Josèf Farrugia’s Tabula Rasa Exhibition at Malta Society of Arts This April
Tabula Rasa, a series of art installations that places the exhibition visitor’s experience at the centre, is running between 23 and 26 April in Valletta.
Josèf Farrugia’s exhibition ‘Tabula Rasa’ has its roots in his interest in redefining and exploring the role of the audience. He observes how, despite his enthusiasm for the arts, he often feels traditional exhibition spaces to be “restrictive and almost anti-human”. Farrugia is therefore resolved to give more space to visitor interaction, ultimately developing this project as a way of “demonstrating that exhibition spaces do not have to follow the same repetitive, ocular-centric model.” Exhibiton spaces may be “challenged, reimagined, and reshaped,” and Farrugia’s goal is to ensure that visitors have the agency to do exactly that, recognising their role as participants in the process. This meant “carefully rethinking how the work is encountered. Rather than presenting something to be passively viewed, the installation subtly disrupts those expectations through its method of spatial arrangement.”
The exhibition consists of five installations, engaging the full sensory spectrum, to deliberately break away from the dominance of sight. Farrugia’s inspiration stems from “both personal experience and research into exhibition design, particularly the realisation that many spaces prioritise visual consumption over human experience.” By creating immersive environments that appeal to the senses, Farrugia aims to encourage visitors to become aware of how they “perceive, interpret, and construct meaning”. Farrugia’s background as a multidisciplinary artist is key to creating such holistically experiential environments using mixed media; however, he specifies that “this project makes use of the human nervous system as its primary medium. My installations are not the artwork here; the true artwork is only created once the nervous system of the visitor is stimulated through the use of my installations. That moment of contact, is the artwork.”

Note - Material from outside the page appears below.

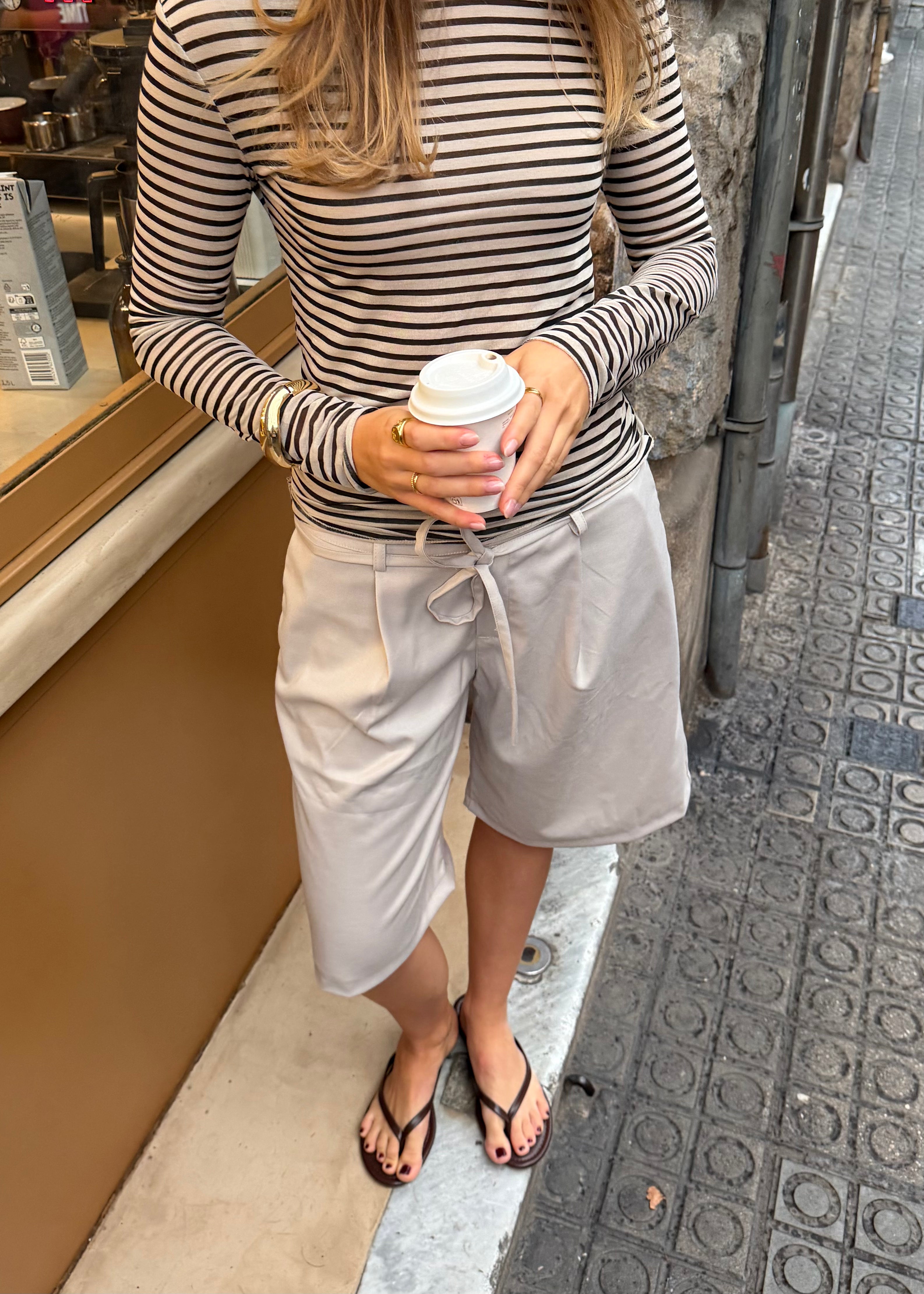 Vores Vide Bermuda Shorts er et must-have til enhver sommergarderobe. De er lavet i et lækkert materiale og har skrålommer foran, bæltestropper samt et aftageligt bindebånd, der giver et afslappet og stilrent udtryk. Shortsene har en flatterende bermuda-længde og to falske lommer bagpå, som fuldender det klassiske habit-inspirerede look 🌟
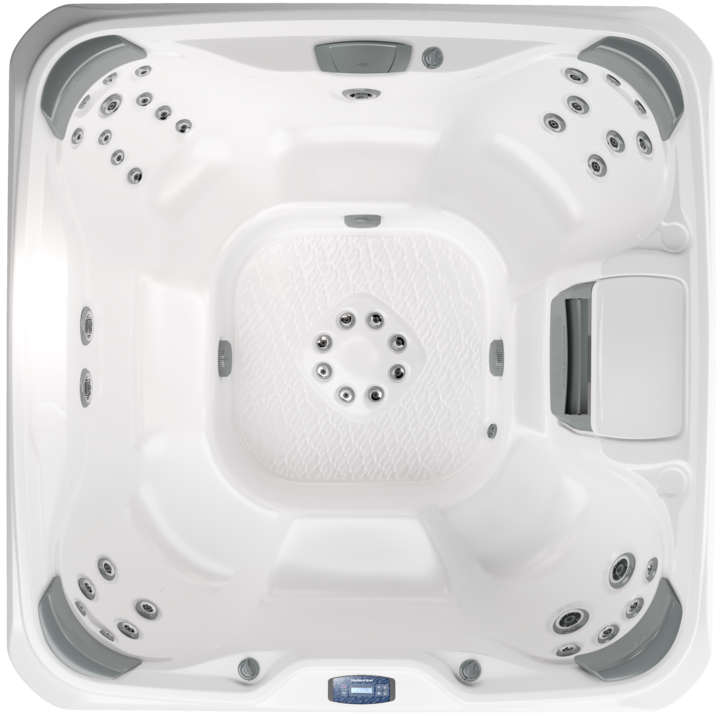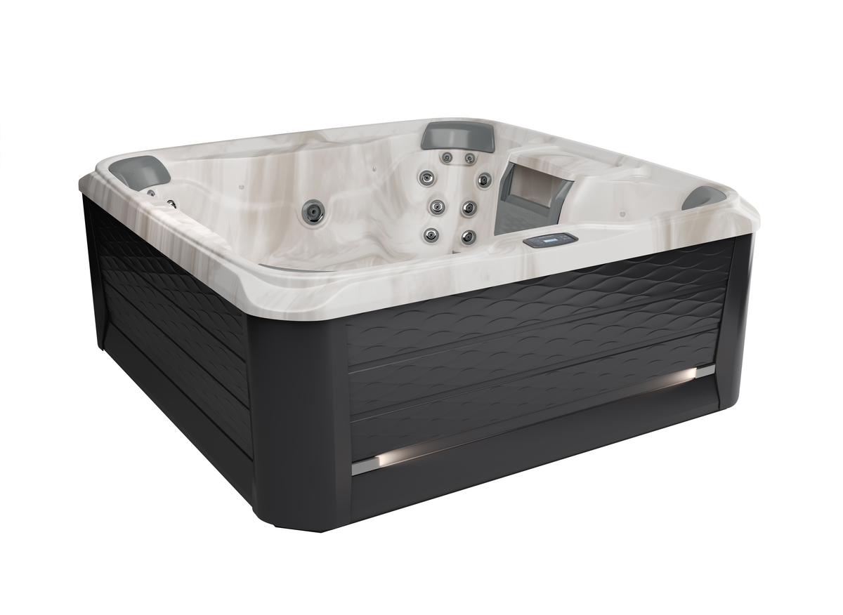 The McKinley™ Spa from the Sundance® 680™ Series offers expansive luxury for up to seven adults. Measuring 89" x 89", it features 42 hydrotherapy jets powered by two high-flow pumps for a deeply invigorating massage experience. Advanced digital controls allow easy programming of water temperature, filtration, and heat cycles, while the ClearRay Active Oxygen® System keeps water fresh and clean. Relax under ambient LED lighting, enjoy the adjustable waterfall, and rest comfortably on four ergonomic headrests. Available with cabinets in Slate or Graphite and shells in elegant shades like Platinum or Midnight, the McKinley™ combines space, style, and performance — with optional SmartTub® connectivity for seamless control.

The idea for this exhibition emerged from research into the contexts of exhibition design, followed by interviews with industry professionals, including both artists and curators. This laid the basis for Farrugia’s practice-based research, which centres the visitor’s experience through a series of installations.
The exhibition becomes a space in which to experiment with the “relationship between perception, expectation, and interaction”, and this exhibition thus becomes an exploratory commentary on the form of the “exhibition” itself. As Farrugia puts it: “It questions the conventional ‘white cube’ model and the passive role often assigned to viewers, instead proposing a more active, embodied form of engagement.” As ‘Tabula Rasa’ seeks to explore different facets of the ‘exhibition experience’, Farrugia’s vision also involved approaching the installation design by uniting the perspectives of different roles. The artistic motivation and the curatorial organisation of the exhibition converge in the visitor’s encounter: “I curated from the perspective of a visitor. I curated with the expectations I have in mind as a visitor. I curated for people.” The exhibition journey is therefore not guided by a “fixed narrative”, but rather open to the visitor’s playful interaction: “the exhibition offers a series of encounters that unfold through movement, curiosity, and interaction.”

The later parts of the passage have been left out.